◆ WHAT THE TASK REQUIRES ◆
Set down the data again exactly. Pictures are not part of the copy.

◆ DATA SECTION ◆
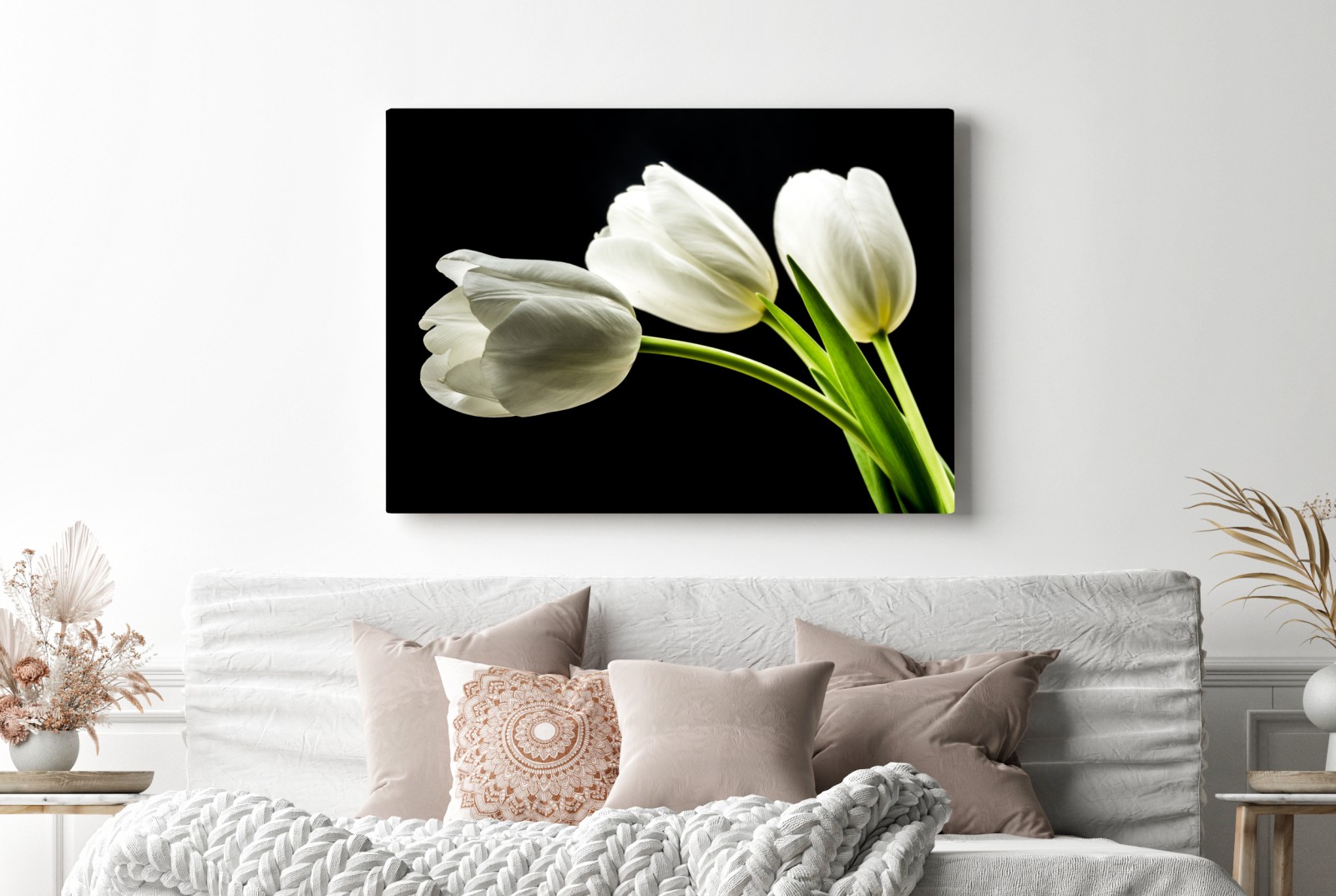 Leinwandbild Elegante weiße tulpen vor schwarzem hintergrund
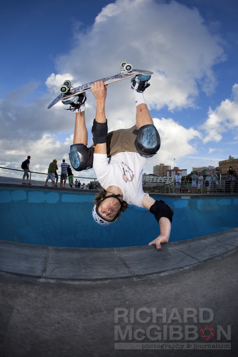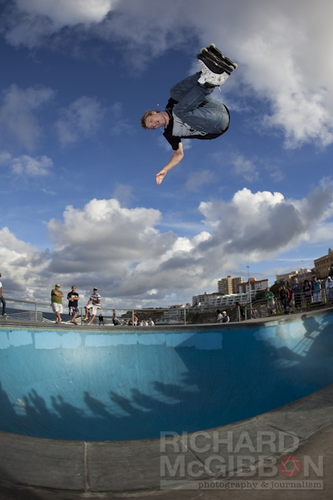 Had a great weekend over Easter. Spent my Saturday at the Five Dock jam. It was a great day with some very impressive riding, huge airs and a great atmosphere. On the Easter Sunday and Monday I spent my afternoons down at the Bondi bowl shooting skating. I had never really spent any time there before as it’s a reasonable length of trip to get there from here and I figured the scene there was as weak as it is here. Sunday afternoons down there are great though and the scene is very much alive and kicking. The bowl is a great shape and size and the park is not over-run by kids on scooters. As you can see in the shots below the spectacle attracts quite a crowd who all gather round to watch. I am looking forward to heading back down there this coming Sunday and shooting a heap more shots.
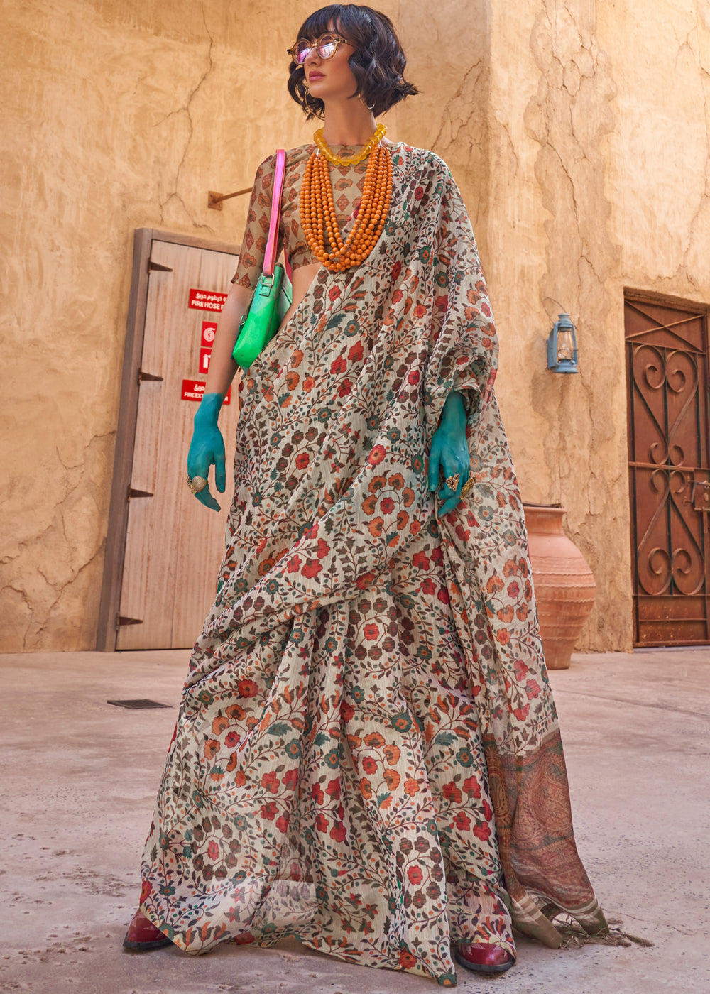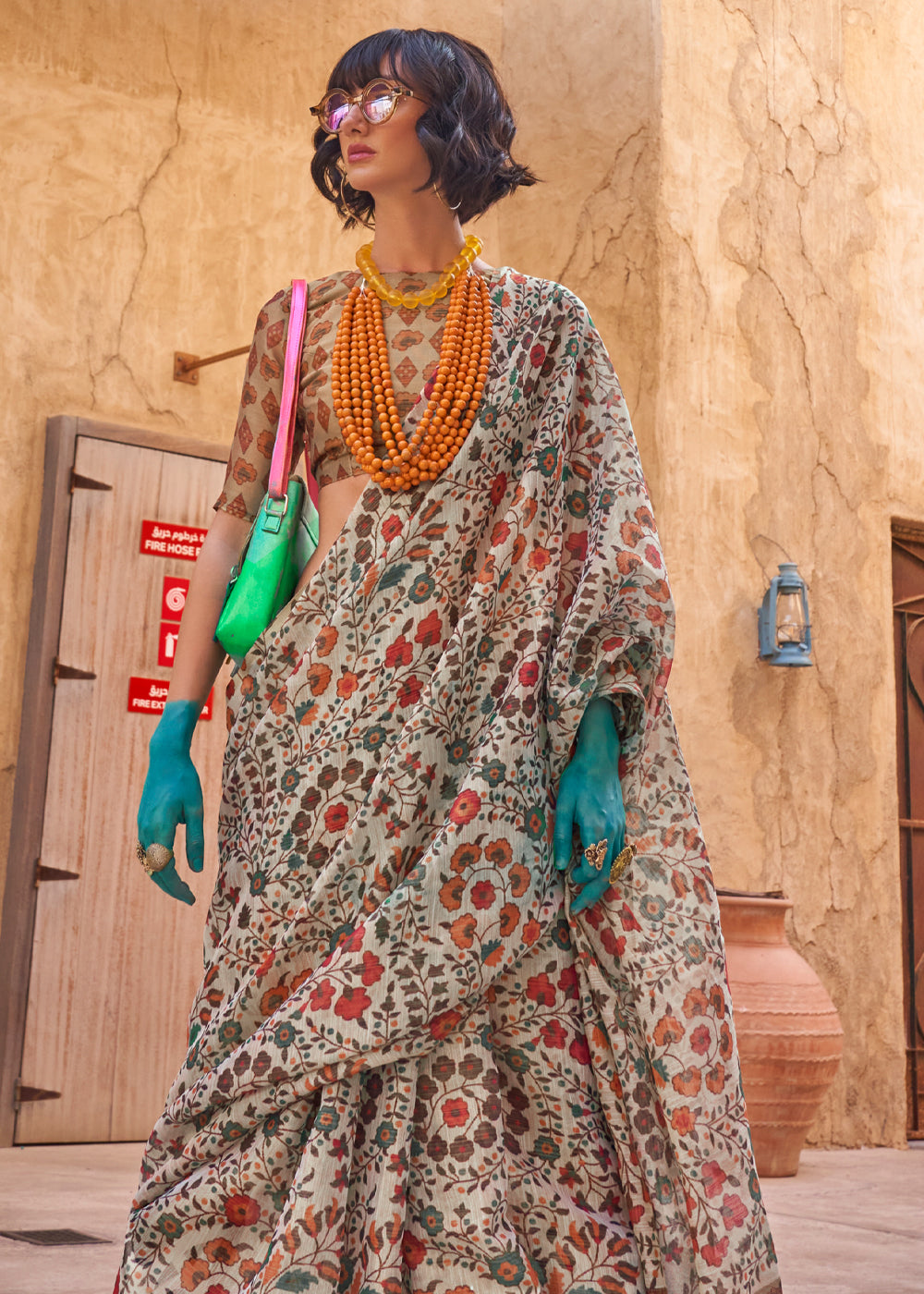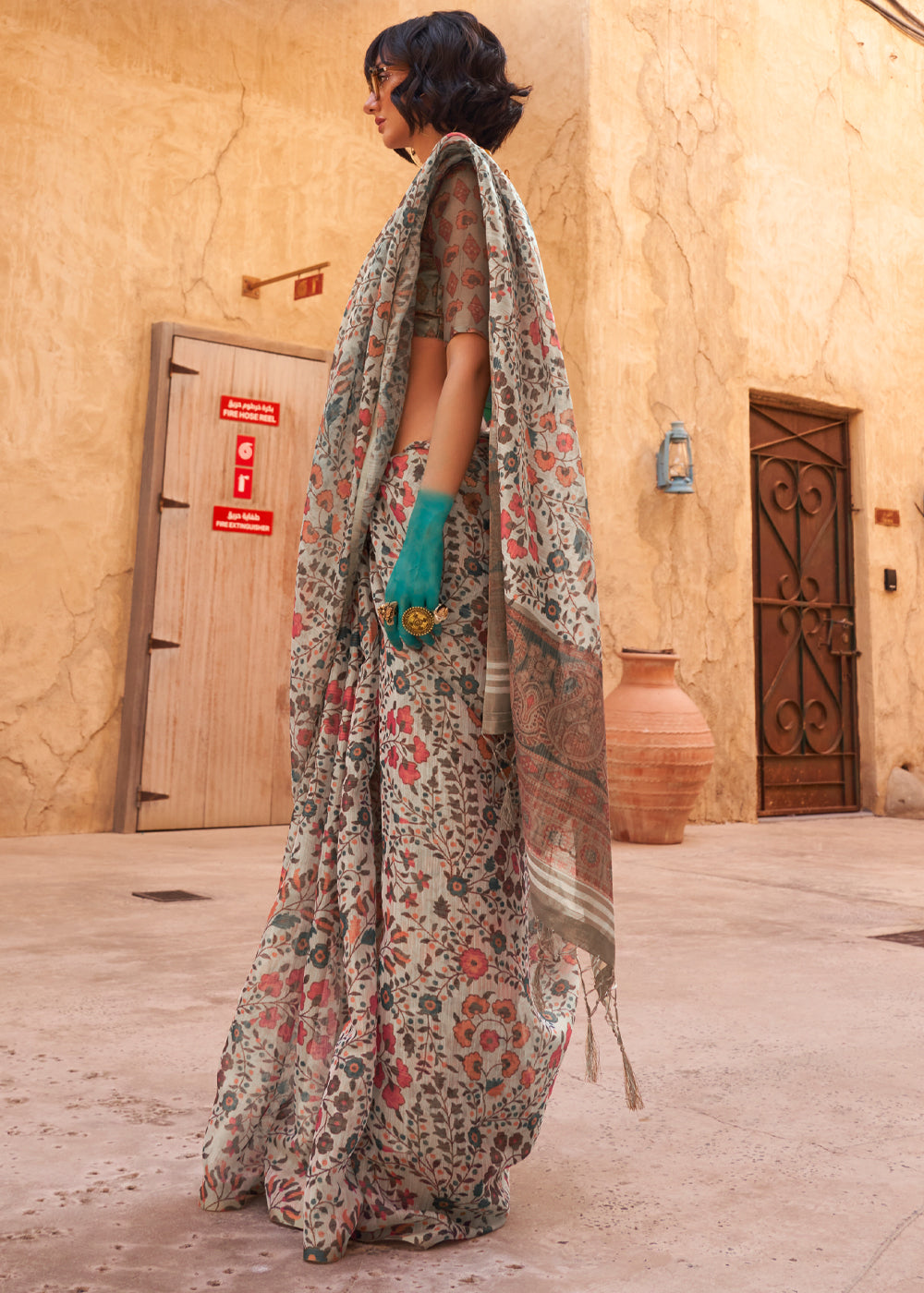 Powder Grey Printed Cotton Silk Saree With Contrast Blouse
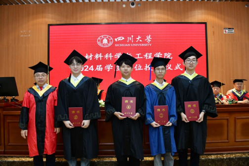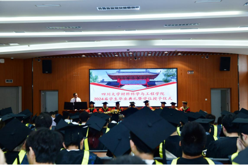 6月16日上午,材料科学与工程学院2024届学生毕业典礼暨学位授予仪式在研究生院2-101教室举行,2024届毕业生们身着学位服参加典礼。学院党委书记徐海鑫、院长刘颖、党委副书记张晓满、副院长叶金文、朱建国教授、王瑞林教授、张云教授、王泽高教授、连利仙教授、教研中心主任、教研中心党支部书记、党政办、教学科研科、学生科等参加了毕业典礼。典礼由张晓满主持。

◆ FINISHED EXERCISE ◆
 Leinwandbild Elegante weiße tulpen vor schwarzem hintergrund
 Had a great weekend over Easter. Spent my Saturday at the Five Dock jam. It was a great day with some very impressive riding, huge airs and a great atmosphere. On the Easter Sunday and Monday I spent my afternoons down at the Bondi bowl shooting skating. I had never really spent any time there before as it’s a reasonable length of trip to get there from here and I figured the scene there was as weak as it is here. Sunday afternoons down there are great though and the scene is very much alive and kicking. The bowl is a great shape and size and the park is not over-run by kids on scooters. As you can see in the shots below the spectacle attracts quite a crowd who all gather round to watch. I am looking forward to heading back down there this coming Sunday and shooting a heap more shots.
 Powder Grey Printed Cotton Silk Saree With Contrast Blouse
 6月16日上午,材料科学与工程学院2024届学生毕业典礼暨学位授予仪式在研究生院2-101教室举行,2024届毕业生们身着学位服参加典礼。学院党委书记徐海鑫、院长刘颖、党委副书记张晓满、副院长叶金文、朱建国教授、王瑞林教授、张云教授、王泽高教授、连利仙教授、教研中心主任、教研中心党支部书记、党政办、教学科研科、学生科等参加了毕业典礼。典礼由张晓满主持。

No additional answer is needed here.